What is the fastest way to pay off a mortgage? ›

Making an extra mortgage payment each year could reduce the term of your loan significantly. The most budget-friendly way to do this is to pay 1/12 extra each month. For example, by paying $975 each month on a $900 mortgage payment, you'll have paid the equivalent of an extra payment by the end of the year.

At what age should you stop paying mortgage? ›

You should aim to be completely debt-free by retirement, and after age 45 you can begin thinking more seriously about pre-paying your mortgage. The opportunity cost of paying off your mortgage before investing for retirement is very high when you are young.

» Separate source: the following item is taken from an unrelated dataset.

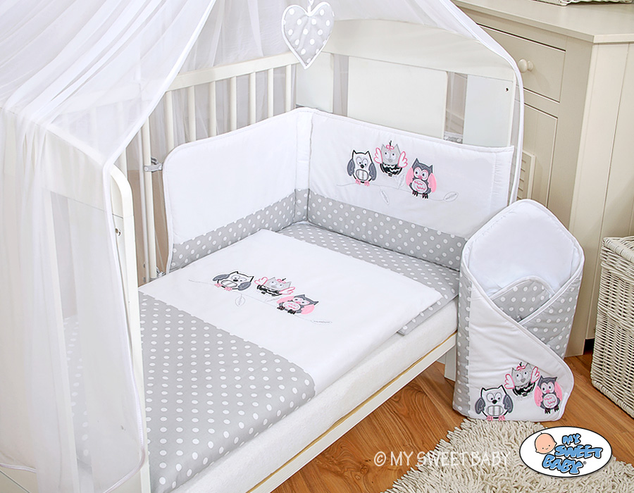 Babybettwäsche Set 5-tlg mit Moskitonetz - Eulen Bigi Zibi & Adele grau-pink

What's the fastest way to pay off a 30-year mortgage balance would be? ›

Here are some ways you can pay off your mortgage faster:
  1. Refinance your mortgage. ...
  2. Make extra mortgage payments. ...
  3. Make one extra mortgage payment each year. ...
  4. Round up your mortgage payments. ...
  5. Try the dollar-a-month plan. ...
  6. Use unexpected income. ...
  7. Benefits of paying mortgage off early.

How many years does an extra mortgage payment take off a 30-year mortgage? ›

Even making one extra mortgage payment each year on a 30-year mortgage could shorten the life of your loan by four to five years. Using the calculator above, you can input your loan specifics to learn how making an extra payment could affect your mortgage.

How to pay off $200 000 mortgage in 5 years? ›

Let's say you currently owe $200,000 on your mortgage and you want to pay it off in 5 years or 60 months. In this case, you'll need to increase your payments to about $3,400 per month.

How long do most people take to pay off a 30-year mortgage? ›

Homeowners typically make their normal monthly mortgage payments and expect to pay off their homes over 30 years.